A scheme for a more complicated decay is that of caesium-137:
This isotope can decay through through two beta-minus processes. In one which occurs in 5% of disintegrations a beta-minus particle is emitted with an energy of 1.17 MeV to produce barium-137. In the second which occurs more frequently (in the remaining 95% of disintegrations) a beta-minus particle of energy 0.51 MeV is emitted to produce barium-137m - in other words a barium-137 nucleus in a metastable state. The barium-137m then decays via isomeric transition with the emission of a gamma-ray of energy 0.662 MeV.
The general method used for decay schemes is illustrated in the diagram below:
The energy is plotted on the vertical axis and atomic number on the horizontal axis - although these axes are rarely displayed in actual schemes. The isotope from which the scheme originates is displayed at the top - X in the case above. This isotope is referred to as the parent. The parent looses energy when it decays and hence the products of the decay referred to as daughters are plotted at a lower energy level.

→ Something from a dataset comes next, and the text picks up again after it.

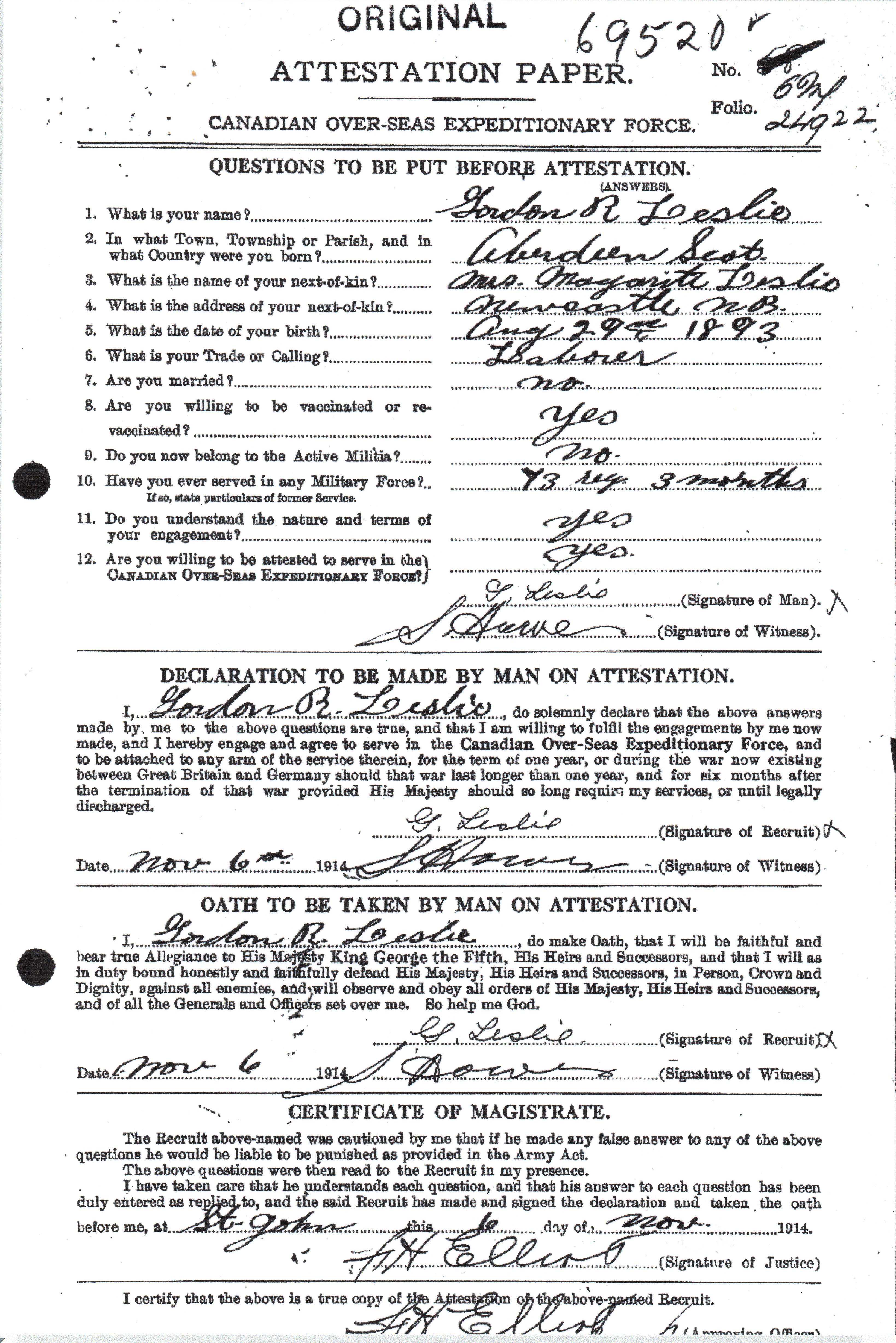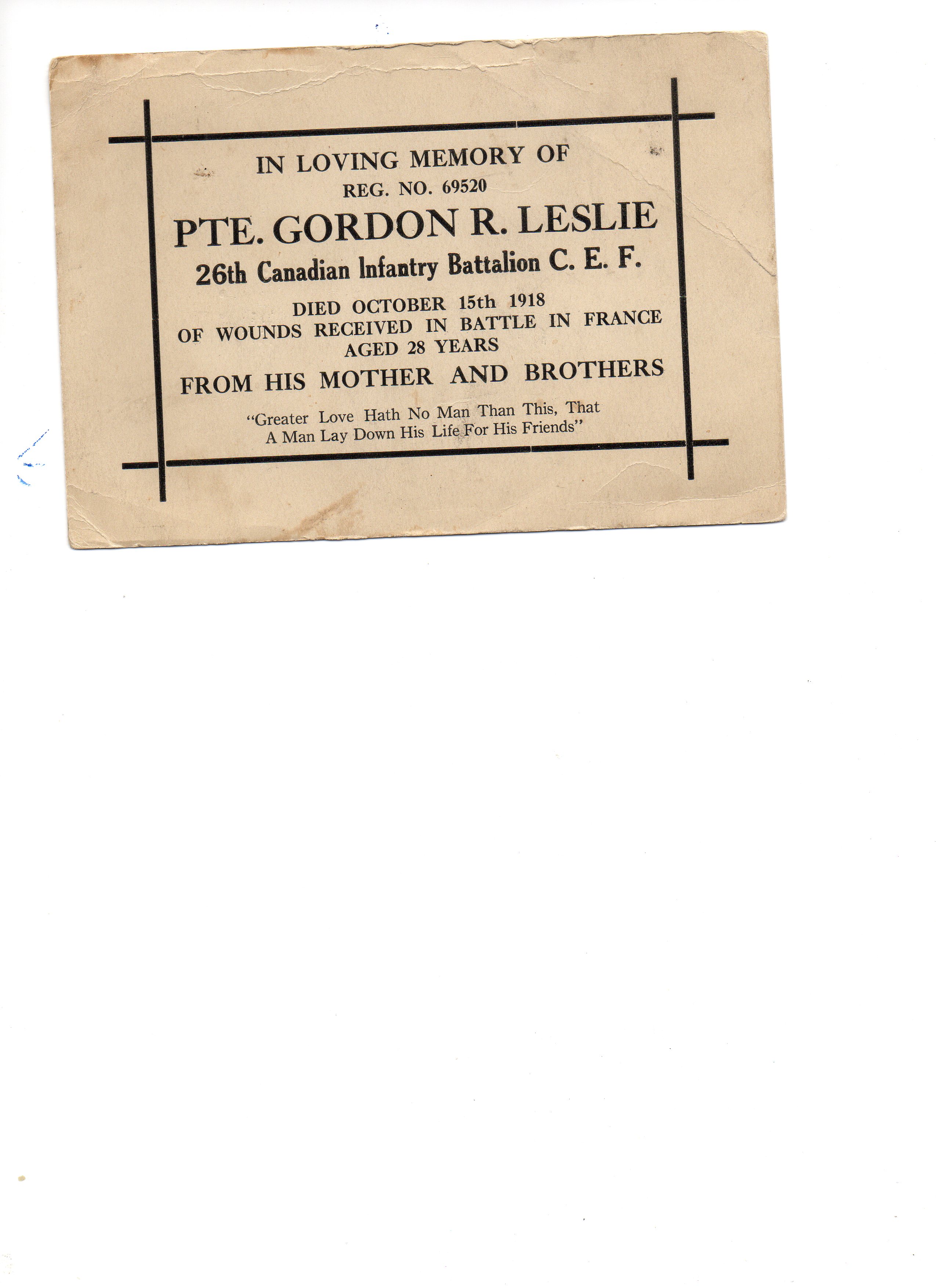 Son of John and Margaret Stables Leslie, of Newcastle, New Brunswick.

The diagram illustrates the situation for common forms of radioactive decay. Alpha-decay is illustrated on the left where the mass number is reduced by 4 and the atomic number is reduced by 2 to produce daughter A. To its right the scheme for beta-plus decay is shown to produce daughter B. The situation for beta-minus decay followed by gamma-decay is shown on the right side of the diagram where daughters C and D respectively are produced.